# CAM Timing ? SWitchback XT



## RAZOR62 (Jun 7, 2006)

Anyone know how to adjust the cam timing on an XT? 
After replacing the string the timing is out. I've never done this before but it looks like I'm putting it more out of time by twisting the string. If I twist the opposite end of the string will this reverse the rotation or should I adjust the cable even though I did not replace it? I did not add any twists to the string when I installed it so backing off on the twists wont work will it?


----------



## Sid13 (Sep 8, 2006)

How close is the axle to axle measurement and is the cam over rotated or under, how close is the max poundage?


----------



## red44 (Apr 11, 2005)

Twisting the cable adds pounds, draw lenth and brace height, shortens ATA, and rotates the cam to the string. untwisting it does the reverse. Twisting the string shortens draw lenth, ATA, increases brace height, to some degree lowers pounds, and rotates the cam to the riser. Untwisting does the reverse. The question becomes hows the bow specs, draw lenth and draw weight? The cable will have a faster impact on cam orientation.


----------



## RAZOR62 (Jun 7, 2006)

Thanks guys. I just came back from tinkering with and shooting the bow. Unfortunately I hadn't read your posts before doing so. I was hesitant to touch the cable and the cam was over-rotated from what I could tell. I took a few twists out of the string. As I mentioned I hadn't added any twists to the string when I installed it so I was untwisting the factory twists. This realligned the cam and put the ATA smack on. I don't have a scale yet so I didn't measure draw weight. Before I made these adjustments I was shooting way off to the right (6" at 20 yrds). I shoot left handed. I asked about this in an earlier post and was told to set the bow back to specs. That's why I was curious about cam rotation. Well now that everythings back where it should be I'm still off to the right. I moved the rest and got back on at 20 and 30 yards but I'm concerned about how close my rest is to the riser. Specs call for 13/16" and I'm at about 3/4". I'd just like to everything right before heading to the paper tuning. Why do you suppose the bow is shooting to the right with the rest at it's nominal position?


----------



## red44 (Apr 11, 2005)

3/4ths is OK. I'd be surprised if you stay there. If you mess with paper you'll likely end up closer to the riser. Are you planing on hunting, with fixed blades? Have you tried walk-back or french tuning (or what ever is the proper term)?


----------



## RAZOR62 (Jun 7, 2006)

Nope, haven't tried any paper or walkback tunning I was unsure if I should proceed with the rest in it's current position but you're saying that 3/4" from the riser is acceptable and that it may even end up closer?


----------



## red44 (Apr 11, 2005)

Just saying Mathews recomends the 13/16ths as a starting point.

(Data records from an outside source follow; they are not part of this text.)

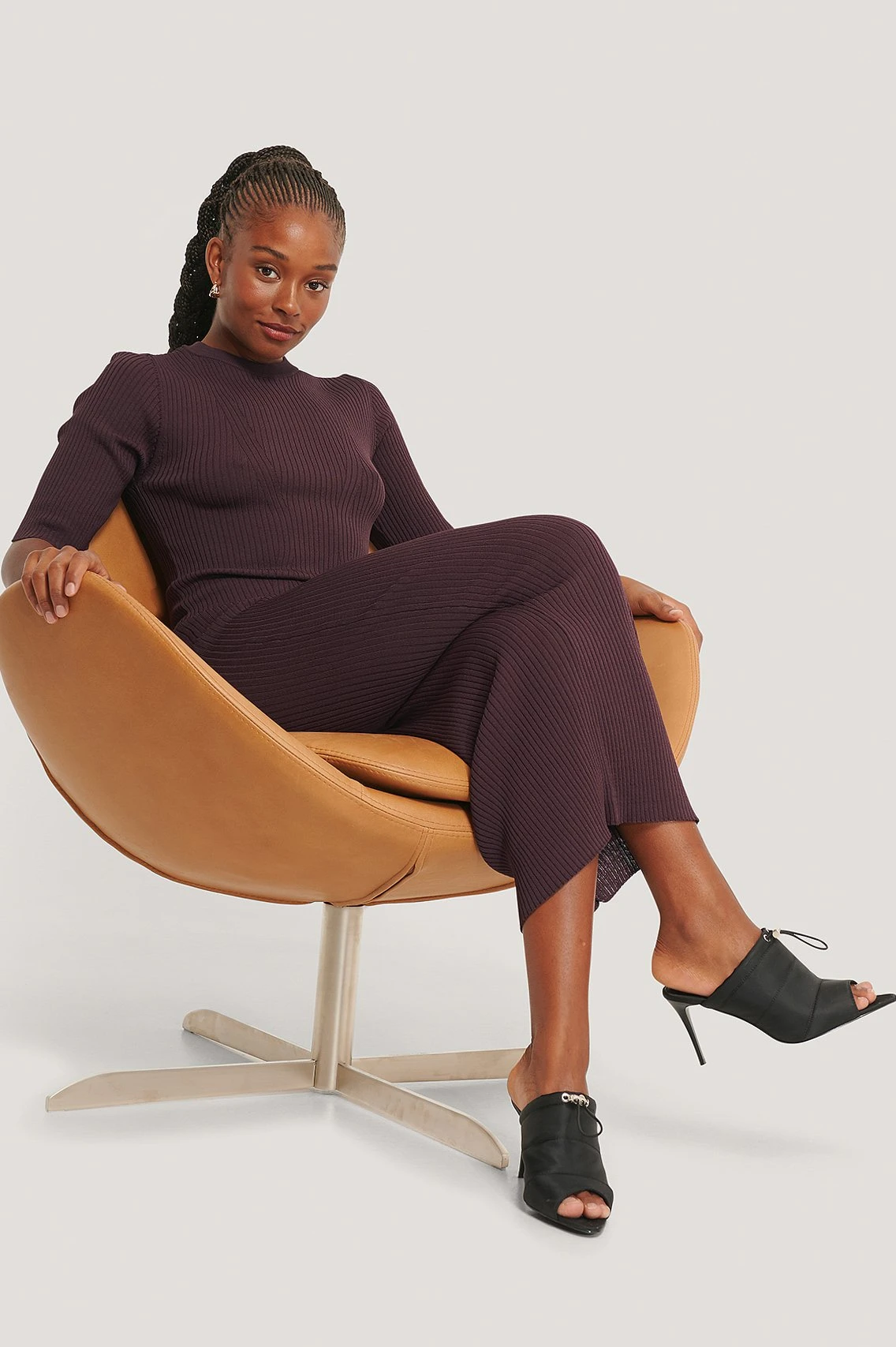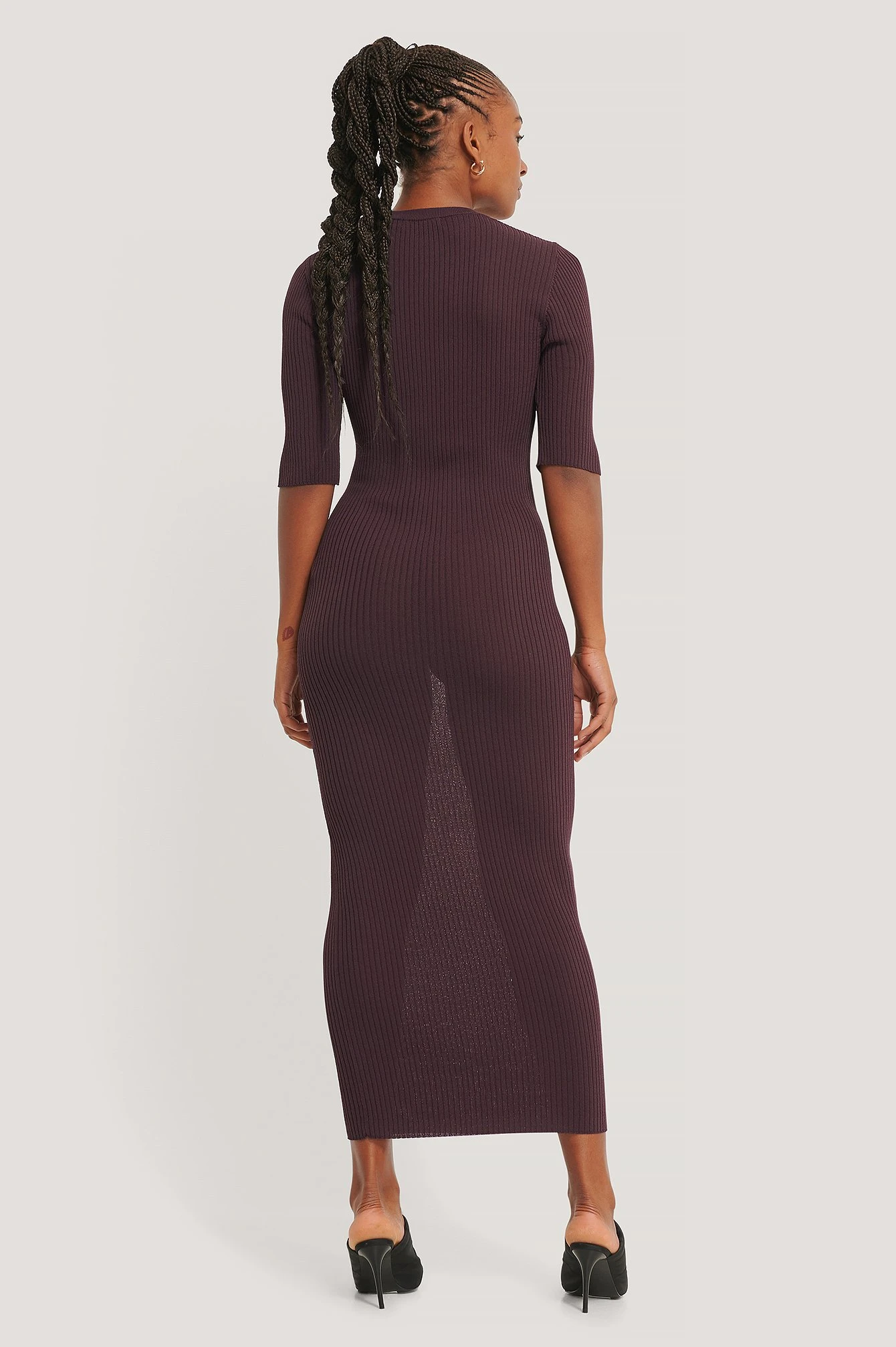 Cette robe midi a un design tricoté à nervures, un col arrondi, des demi-manches et de la forme serrée confortable.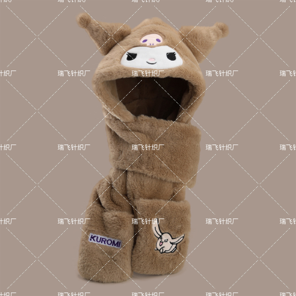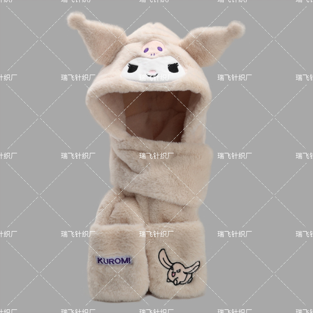 儿童帽子围巾一体冬季保暖男童女童毛绒K洛米护耳帽手套2024新款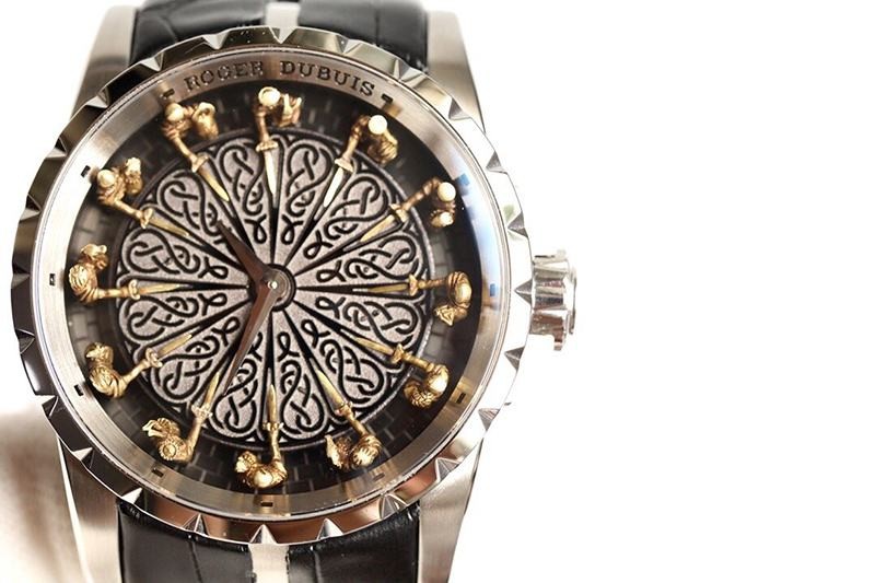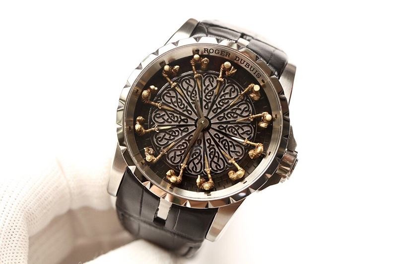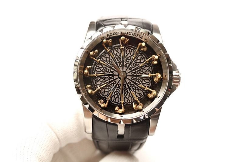 稀少ロジェデュブイ ナイツ オブ ザ ラウンドテーブル 偽物 ダマスカスチタン ブラック 45MM ron74068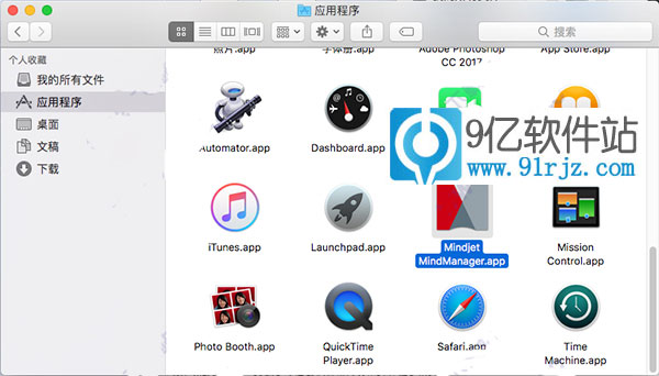 3、之后我们便可以在MacOS自带的文件管理器的“应用程序”栏目中找到我们的Mindjet MindManager(思维导图)mac破解版,找到它之后我们就可以双击打开将它运行了
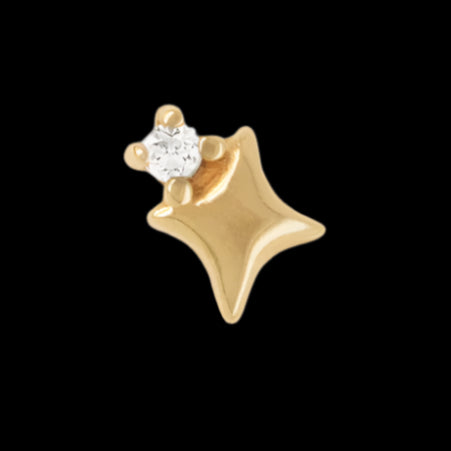 "Star Stuff" offers you a unique way to add natural diamond luxury with a celestial-inspired design. Featuring a four-pointed star and a single round-cut genuinediamond at the center, this piece adds refined sparkle to any curation. A perfect blend of elegance and versatility, Starstuff brings the brilliance of diamonds to your clients' piercings.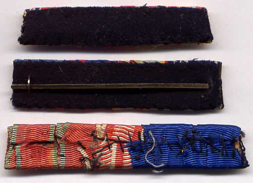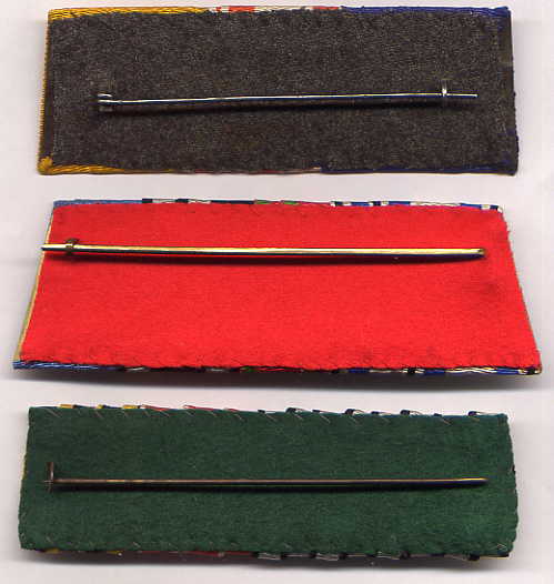 As previously mentioned, this was the only style worn by army officers until 1915. Obverses and reverses of a number of examples are shown here, with notes where there is something out of the ordinary. Most of these Old Style ribbon bars used tinned steel metal backings, but brass may also be found less commonly.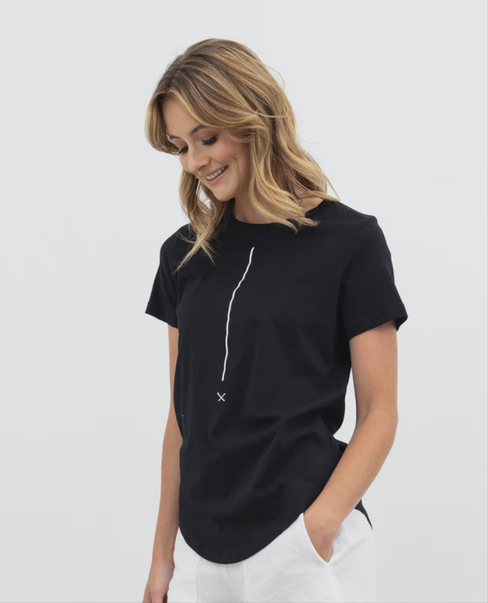 The rounded hem adds a subtle feminine shape to its classic crew neckline and short sleeves.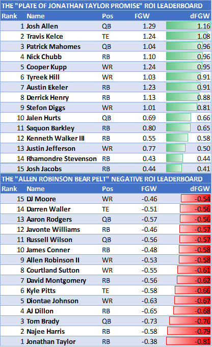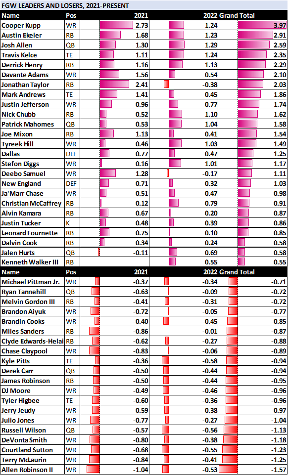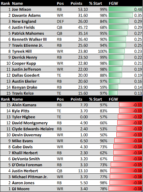 After this week? He’s into the 2nd round – #23 overall in FGW. Because believe it or not, only 15 players have created more wins for their average fantasy team this season than Mixon did in one game (where he just scored 0.48, basically bringing your team from 50% chance of win to 98%, all by himself.)

It will end up ? depending on YOU, your grip, draw lenth, arrow spine, etc, etc. Don't be surprised or hesitant to move it a little either way. Most end up closer than the 13/16ths. Nothing to freak about. Enjoy the bow.


----------



## bassman409 (Jul 19, 2006)

Your new string was probably a little short do to the way they are measured under 100 # of pull and then it hasn't been shot enough to stretch it back out? If you didn't change the cable then I don't know where to start with the 6 inch right shots.


----------